Because MBS coupons come in 0.5% increments (i.e. 2.0, 2.5, 3.0, etc.), that means some math will need to be applied to clip in order to bring an investor’s rate of return in line with the MBS coupon. The MBS seller could sell the 2.25% clip as a 2.0 MBS coupon and get paid a bit extra for delivering something with a higher rate of return than the actual MBS coupon. They could also pay a bit out of pocket in order to sell it as a 2.5 MBS coupon.
In truth, none of the above is important as long as you understand that those MBS coupons have limits as to the mortgage note rates they can accept. At a minimum, a mortgage note rate has to be at least 0.25% above the MBS coupon. That means a 3.25% mortgage could go into a 3.0 MBS coupon, but a 3.125% mortgage could not.
It also means that the lowest possible mortgage rate at any given time is the one that is 0.25% above the lowest available MBS coupon. Reason being: MBS coupons have to EXIST and they have to actually be trading in great enough numbers for lenders to originate loans intended for that coupon. If there’s one “why” that answers the question of how low we can go, that would be it. Think of it like a car company building a car that they weren’t sure there would be demand for.
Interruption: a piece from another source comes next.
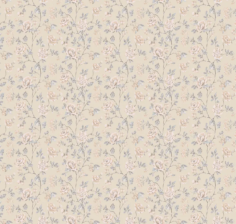 - Бежевые обои с цветочным рисунком: создают атмосферу уюта и элегантности.
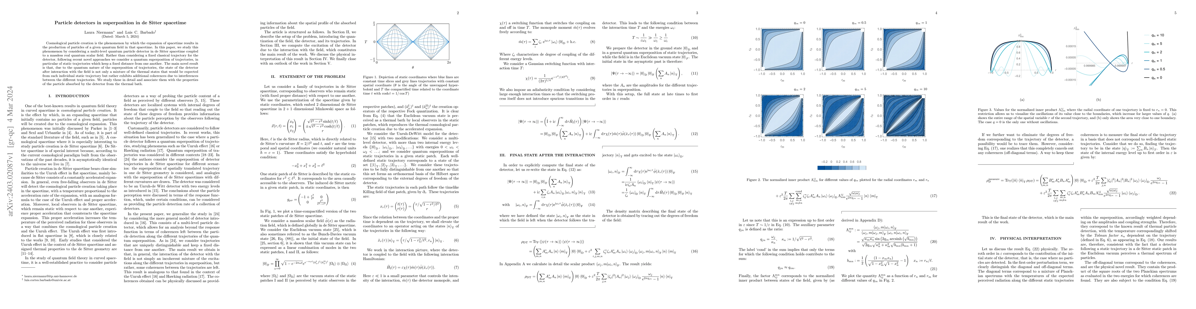 This paper investigates the phenomenon of cosmological particle creation in de Sitter spacetime using a multi-level quantum particle detector in superposition. The study reveals that the detector's state after interacting with a scalar field exhibits not just thermal states but also coherences due to interference between different static trajectories in the superposition.

It’s not the kind of thing that happens in any meaningful way.
And here’s the final piece of of the puzzle: the lowest 30yr fixed MBS coupon that exists right now is the 2.0, and that’s a tremendously recent development. It’s also a development that the industry resisted quite a bit until it became inevitable. That’s pretty common actually. Investors don’t want to be stuck holding a rate of return that’s much lower than the rest of the market in the event that rates move back up. New, lower MBS coupons are only uncorked if they become absolutely necessary. This is one of the reasons rates bounce big and hard at 3.25-ish when they hit all-time lows in 2012 and 2016. That was as low as rates could go without 2.5 coupons being more prevalent, and at that time, they were rarely traded. You can see these bounces in the chart below at the “3.0 coupon cutoff.”
Post-covid, and we’ve moved very quickly toward ther 2.5 coupon cutoff. The chart above is just for the average lender. Aggressive lenders are already offering 2.75% rates (the lowest rate that can go into a 2.5 MBS coupon). And those same lenders are also offering rates UNDER 2.75% with buydowns. That mean 2.0 coupons are fair game right now, and that mortgage rates have a runway that would allow them to go as low a 2.25%. And odds are that’s the lower boundary.
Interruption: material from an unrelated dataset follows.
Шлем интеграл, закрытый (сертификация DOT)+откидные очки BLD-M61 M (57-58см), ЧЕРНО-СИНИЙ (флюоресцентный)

Why? Why couldn’t we see a 1.5 MBS coupon that allows for rates of 1.75%?
We totally could! Some day, we probably will. But it would be a very tall order in the current rate cycle, and it would require the covid situation to get worse and stay worse for a long time. It will take months for the industry to work its way down from 2.875% to 2.25%, and even that’s no guarantee without further deterioration in the outlook for covid or the economy. The only reason we’ve been able to fall as much as we have is that mortgage rates had some catching up to do compared to the broader bond market. They’ve largely accomplished that mission now.
In other words, Treasury yields have been holding in a much more sideways range. Even if mortgage rates fully close the gap, they still wouldn’t be under 2.5%. That means the broader bond market would need to improve significantly in order for mortgage rates to challenge 2.25%. That COULD happen, but not in any kind of scenario that most of us really want to live through.